Estimated value of Pi is 3.80000000000000000000
[hdfs@localhost bin]$
Step 28 : Verify the  Running Services Using the Web Interface:

Web Interface for the resource Manager can be viewed by
Shows the running application on single node cluster

Application Overview -Final Status( FINISHED)

Step 29 :   Create a Directory on HDFS 

[hdfs@localhost bin]$ ./hadoop fs -mkdir test1
Step 30:   Put local file "hellofile" into HDFS (/test1)

[hdfs@localhost bin]$ ./hadoop fs -put hellofile /test1

Step 31: Check the  input file "hellofile" on HDFS

[hdfs@localhost bin]$ ./hadoop fs -ls /test1
Found 1 items
-rw-r--r--   1 hdfs supergroup        113 2013-12-29 04:56 /test1/hellofile
[hdfs@localhost bin]$
Step 32: Run application program "WordCount"  from hadoop-mapreduce-examples-2.2.0.jar

WordCount Example:
WordCount example reads text files and counts how often words occur. The input is text files and the output is text files, each line of which contains a word and the count of how often it occured, separated by a tab.Each mapper takes a line as input and breaks it into words. It then emits a key/value pair of the word and 1. Each reducer sums the counts for each word and emits a single key/value with the word and sum.

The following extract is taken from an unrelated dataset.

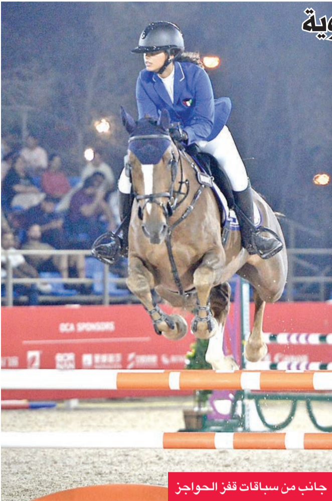
جانب من سباقات قفز الحواجز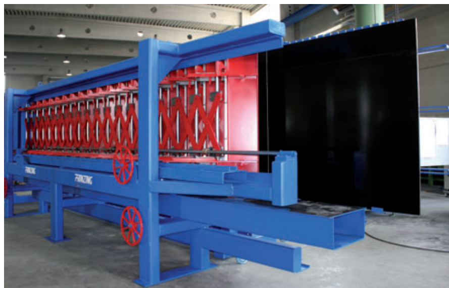
Sistema de encofrado ajustable para escaleras rectas prefabricadas de hormigón

To run the example, the command syntax is
bin/hadoop jar hadoop-*-examples.jar wordcount <in-dir> <out-dir>

All of the files in the input directory (called in-dir in the command line above) are read and the counts of words in the input are written to the output directory (called out-dir above).It is assumed that both inputs and outputs are stored in HDFS.If your input is not already in HDFS, but is rather in a local file system somewhere, you need to copy the data into HDFS as shown in above steps 29-31.
NOTE: Similarly you could think of processing  bigger Data Files ( Weather data , Healthcare data, Machine Log data ...etc).